Re-architecting applications from scratch to support parallelism is advocated in some circles, although the expense and time requirements associated with that approach are often prohibitive. Joel Spolsky, author of "Joel on Software," points out that programmers will always want to get rid of whatever code already exists and start from a clean, green field, but that doing so can be a business catastrophe. In fact, he refers to rewriting code from scratch as "the single worst strategic mistake that any software company can make."
To bring together a long-term, robust vision with the near-term requirement to keep products shipping, incremental introduction of parallelism is the clear approach. Therefore, it's necessary to find relatively simple ways to introduce parallelism into applications. That means automating the process where possible, depending on threaded libraries where you can, and where you need to thread manually, choosing the simplest way to achieve your goals.
In addition to the incremental approach to parallelization advocated here, development organizations must also decide how much control they need to have over the threading in a specific algorithm, and how much that control is worth to them. Note that some applications may require hybrid threading styles.

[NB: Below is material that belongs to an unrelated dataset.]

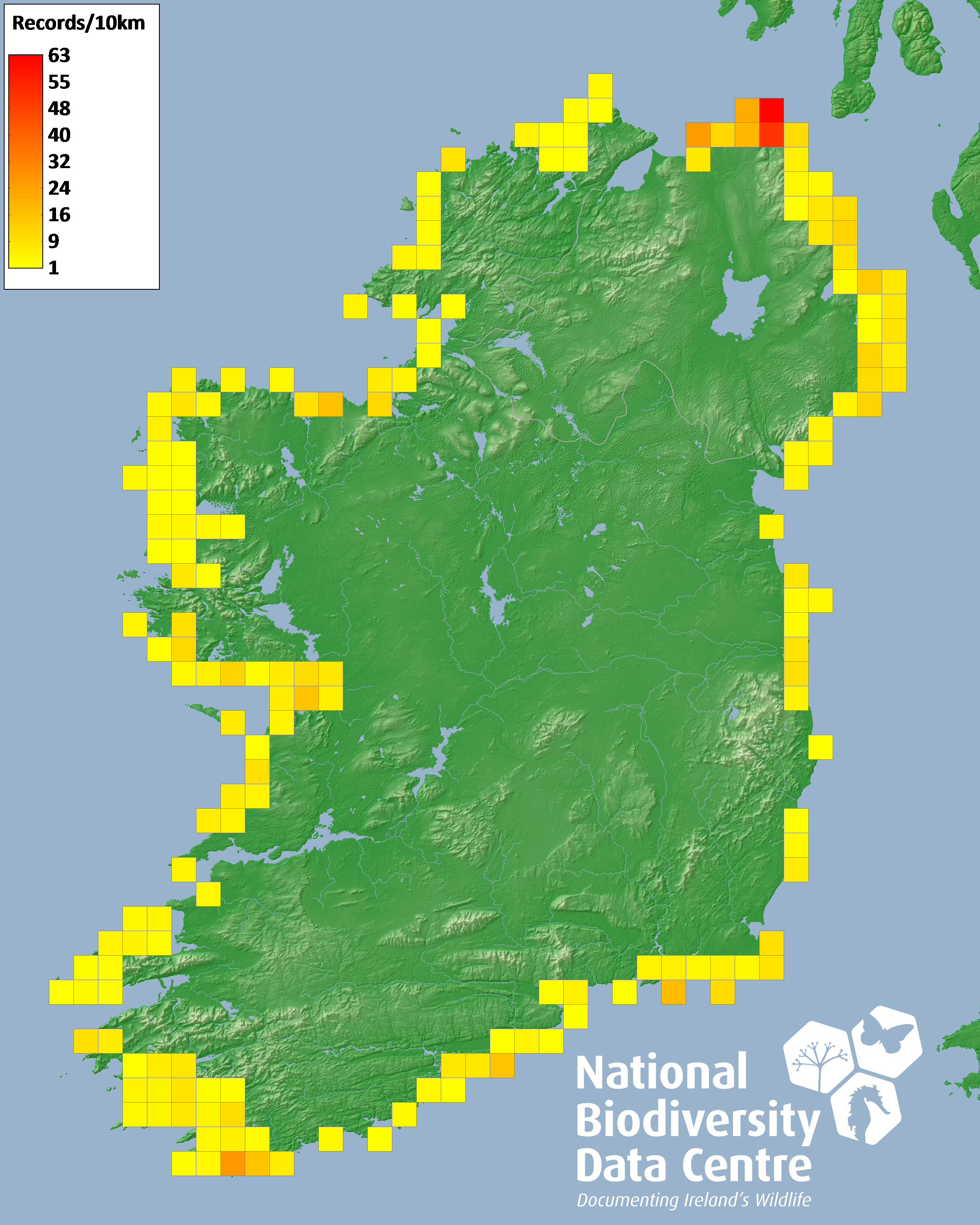 Distribution of the number of records recorded within each 10km grid square (ITM).Marine Map - 50km

Threading options are not mutually exclusive, but in general, Intel advises against explicit threading. The tradeoff is that, because explicit threading is very low-level, it is very powerful and flexible, but also very complex. James Reinders of Intel's Software Development Products team is explicit on the subject:
"Do not use raw native threads (Pthreads, Windows threads, Boost threads, and the like). Threads and MPI are the assembly languages for parallelism. They offer maximum flexibility, but require too much time to write, debug, and maintain."[1]
In the interest of full disclosure, it's important to acknowledge that explicit threading enables certain complex implementations that developers may want to put in place, such as for scheduling specific threads to exert fine-grained control over them. It also provides for open-ended control over issues such as error handling, fine-grained mechanisms to control thread-processor mapping, and synchronization between a subset of threads.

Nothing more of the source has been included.